_TASK DIRECTIONS_
Give the listing again character for character, but drop the images.

_RAW DATA_

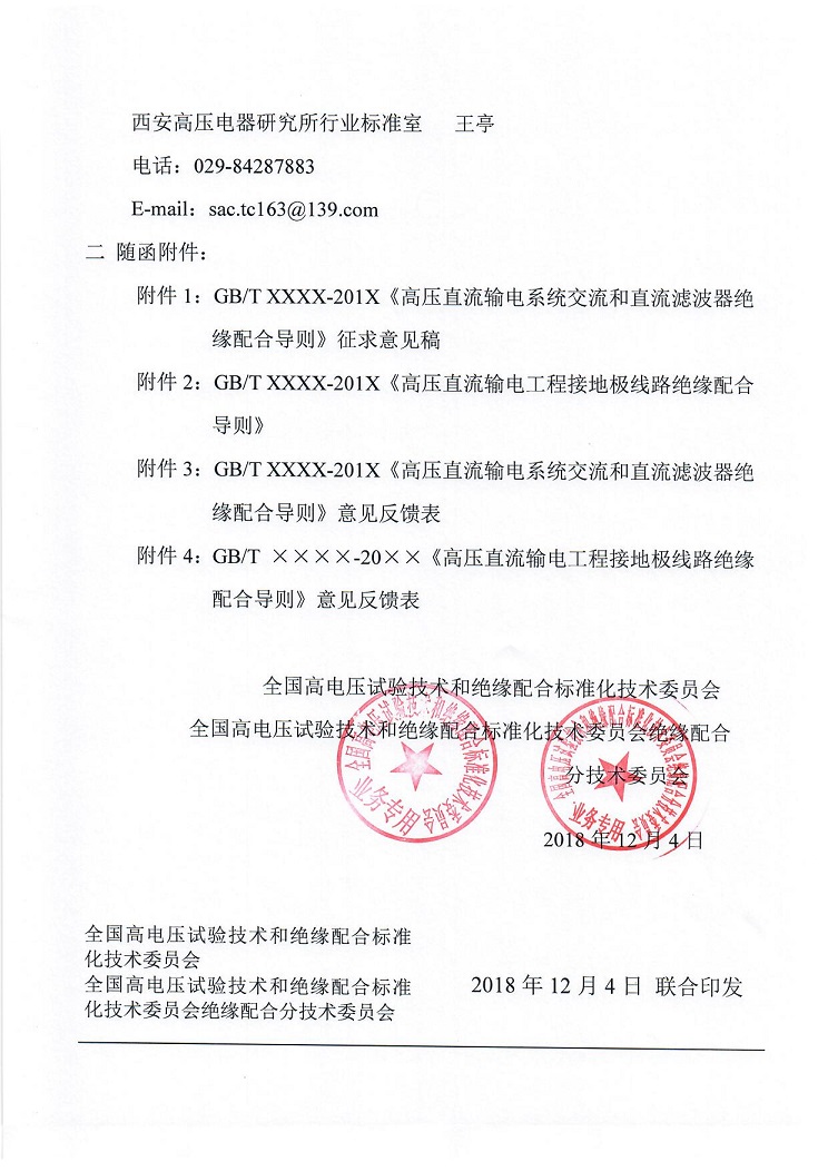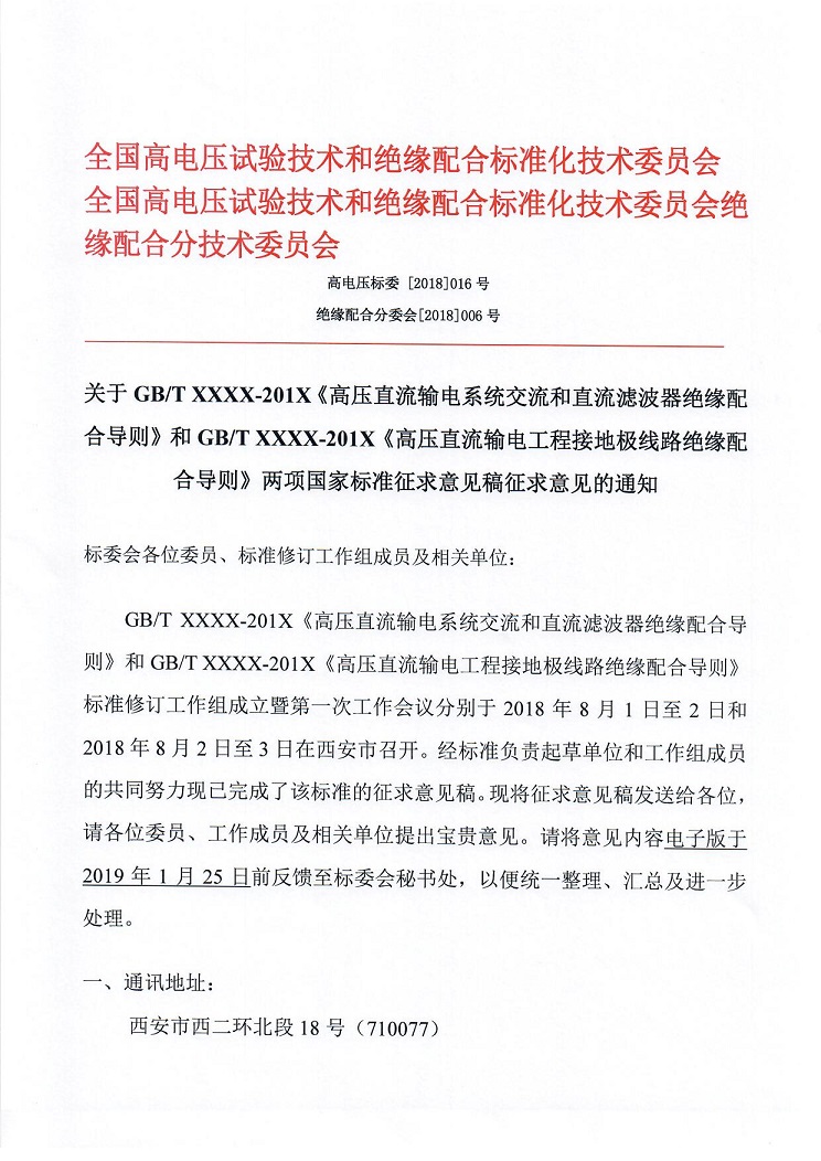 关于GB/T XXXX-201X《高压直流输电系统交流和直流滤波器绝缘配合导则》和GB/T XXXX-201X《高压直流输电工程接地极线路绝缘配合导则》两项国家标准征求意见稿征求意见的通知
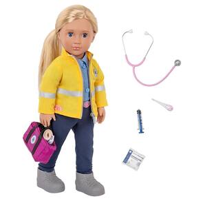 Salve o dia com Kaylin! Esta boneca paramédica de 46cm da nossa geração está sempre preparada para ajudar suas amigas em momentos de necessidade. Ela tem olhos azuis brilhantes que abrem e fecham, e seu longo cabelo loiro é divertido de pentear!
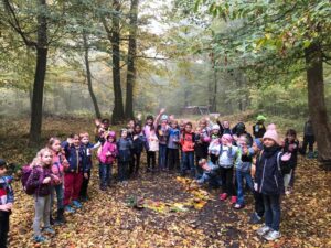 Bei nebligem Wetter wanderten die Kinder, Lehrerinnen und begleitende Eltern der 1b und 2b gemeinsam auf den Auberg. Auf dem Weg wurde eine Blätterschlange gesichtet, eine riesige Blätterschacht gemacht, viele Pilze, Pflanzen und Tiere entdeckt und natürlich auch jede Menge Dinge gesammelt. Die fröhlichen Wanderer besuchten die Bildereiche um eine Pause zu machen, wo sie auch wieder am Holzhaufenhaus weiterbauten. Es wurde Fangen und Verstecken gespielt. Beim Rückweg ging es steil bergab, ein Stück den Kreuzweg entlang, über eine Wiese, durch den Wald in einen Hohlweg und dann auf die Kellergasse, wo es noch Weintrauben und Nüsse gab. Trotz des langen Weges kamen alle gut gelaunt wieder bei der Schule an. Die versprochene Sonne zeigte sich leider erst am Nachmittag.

_FINISHED EXERCISE_
 关于GB/T XXXX-201X《高压直流输电系统交流和直流滤波器绝缘配合导则》和GB/T XXXX-201X《高压直流输电工程接地极线路绝缘配合导则》两项国家标准征求意见稿征求意见的通知
 Salve o dia com Kaylin! Esta boneca paramédica de 46cm da nossa geração está sempre preparada para ajudar suas amigas em momentos de necessidade. Ela tem olhos azuis brilhantes que abrem e fecham, e seu longo cabelo loiro é divertido de pentear!
 Bei nebligem Wetter wanderten die Kinder, Lehrerinnen und begleitende Eltern der 1b und 2b gemeinsam auf den Auberg. Auf dem Weg wurde eine Blätterschlange gesichtet, eine riesige Blätterschacht gemacht, viele Pilze, Pflanzen und Tiere entdeckt und natürlich auch jede Menge Dinge gesammelt. Die fröhlichen Wanderer besuchten die Bildereiche um eine Pause zu machen, wo sie auch wieder am Holzhaufenhaus weiterbauten. Es wurde Fangen und Verstecken gespielt. Beim Rückweg ging es steil bergab, ein Stück den Kreuzweg entlang, über eine Wiese, durch den Wald in einen Hohlweg und dann auf die Kellergasse, wo es noch Weintrauben und Nüsse gab. Trotz des langen Weges kamen alle gut gelaunt wieder bei der Schule an. Die versprochene Sonne zeigte sich leider erst am Nachmittag.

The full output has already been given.